Website Sixty-Six Wards calculates estimates based on data submitted by residents throughout the city

State Rep. Donna Bullock, center in black, greets Kay Kyungsun Yu at the Engine 13 fire station in Francisville early Tuesday morning during the 2018 midterm elections. "I've never seen lines like this before," said Yu. Usually the poll sees about 100 people, but by 9 a.m. more than 120 people had already cast their vote with more than 75 people still in line.
Thom Carroll/PhillyVoice

According to one Philadelphia voter turnout tracker, the numbers of votes cast on Tuesday exceeded the total votes cast in the 2014 midterm election by more than 150,000.

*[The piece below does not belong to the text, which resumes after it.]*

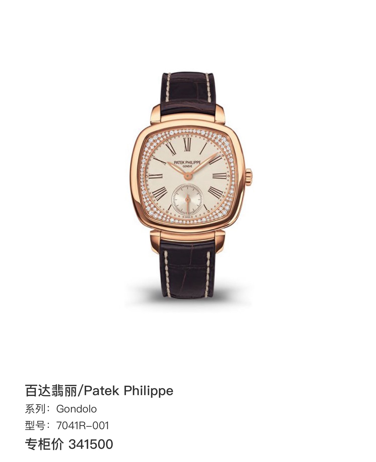 百达翡丽/Patek Philippe7041R-001 手动机械,18k玫瑰金原钻,30x33.8mm表径,2016年全套,专柜价341500
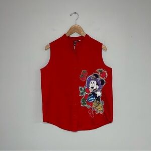 Mickey Unlimited Button-up Shirt Size Small Red Paint Sleeveless Blouse Vintage

As of 9:00 p.m. Tuesday, all of the city's 66 wards were believed to have exceeded the total turnout in 2014, per the Philly politics and elections blog Sixty-Six Wards. The blog is tracking voter turnout using individual voters' self-reported data, so the numbers are unofficial, but theoretically as representative as early returns can be. 

It's pretty straightforward: after voting, users share their division and voter number from their polling place. 


RELATED: Philly voters reporting broken voting machines, long lines at polls


Philadelphia is divided into 66 wards and each contains between 11 and 51 divisions, totaling 1,686. The Committee of Seventy provides detailed maps of each ward and its divisions.

As of 9:00 p.m., 1,371 voters from 54 different wards had shared their voter numbers, according to the tracker.

Using the voter submitted data, Sixty-Six Wards also estimates that 555,305 people have voted across Philadelphia, with a 95% confidence interval. In the 2014 midterms, 381,503 Philadelphians voted.